Programas de aceleração como o Female Scale do Distrito, liderado por Lílian Natal, visam diminuir a desigualdade de gênero no empreendedorismo de inovação no país 

Quando tinha sua própria startup, Lílian Natal viveu na pele todas as dificuldades que as empreendedoras mulheres enfrentam para fazer a gestão do seu negócio. Perguntas detratoras em captações com investidores e pouca empatia e receptividade dos fundos de venture capital eram comuns nas rodas de pitch, em especial nas que ela fazia sem seus sócios homens. “A minha experiência de vida me fez ter certeza de que no Distrito uma das minhas missões seria a de impulsionar negócios de outras mulheres”, diz Lílian, líder de comunidade e do programa Distrito for Startups

Em 2021, o Distrito lançou o programa de aceleração Female Scale, que recebeu quase 400 inscrições de startups fundadas por mulheres. O programa tinha duas etapas e as dez empresas que mais tracionaram o negócio após uma imersão de doze semanas foram selecionadas para a última fase. Destas, as três startups vencedoras foram as fintechs ​​AkinTec e Idez, além da legaltech Verifact.   

Em entrevista ao Experience Club Lílian dá detalhes do programa e conta como o ecossistema de inovação pode se beneficiar da diversidade de gênero nas startups: levantamento da consultoria McKinsey revelou que empresas com diversidade de gênero em equipes executivas têm 25% mais chances de lucrar acima da média de mercado. 

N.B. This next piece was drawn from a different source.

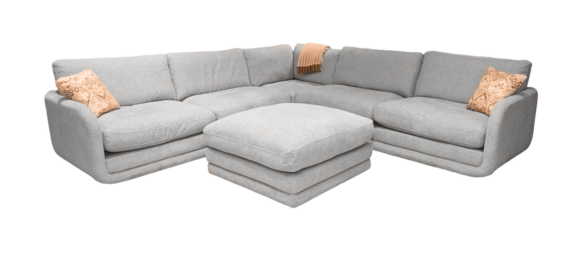The K-Motion 6 Piece Modular Sectional transforms how your family relaxes together. Each piece sits detached creating a completely customizable fit to your exact room dimensions and seating needs. Luxurious down-filled cushions provide cloud-like comfort, while independent seat and back components allow effortless rotation, repositioning and cleaning. Zippered covers make spill cleanup and maintenance simple—no more worrying about accidents. The streamlined, low-profile silhouette with padded rounded track arms creates a sophisticated modern aesthetic that doesn't sacrifice comfort. Pair this piece with the Modular Brent Sand Ottoman and lift your feet up, lay back and relax. Premium, durable fabric in multiple colorways ensures this customizable sectional complements any décor while standing up to everyday family living.

1 – Programa Female Scale 

“Em 2021 o Distrito fez um estudo no ecossistema brasileiro de inovação sobre o gênero dos fundadores de startups, o Female Founders Report. Sabíamos que existia uma desigualdade de gênero, mas o resultado nos deixou muito espantados. Na comunidade de 800 startups residentes do Distrito o percentual de empresas fundadas por mulheres é de 20% a 25%. Porém, quando olhamos o ecossistema brasileiro, o percentual cai para 4,7% das startups. Ou seja, mais de 90% são fundadas exclusivamente por homens. Isso nos deixou bastante descontentes e decidimos fazer algo para impulsionar a participação feminina no empreendedorismo de inovação.”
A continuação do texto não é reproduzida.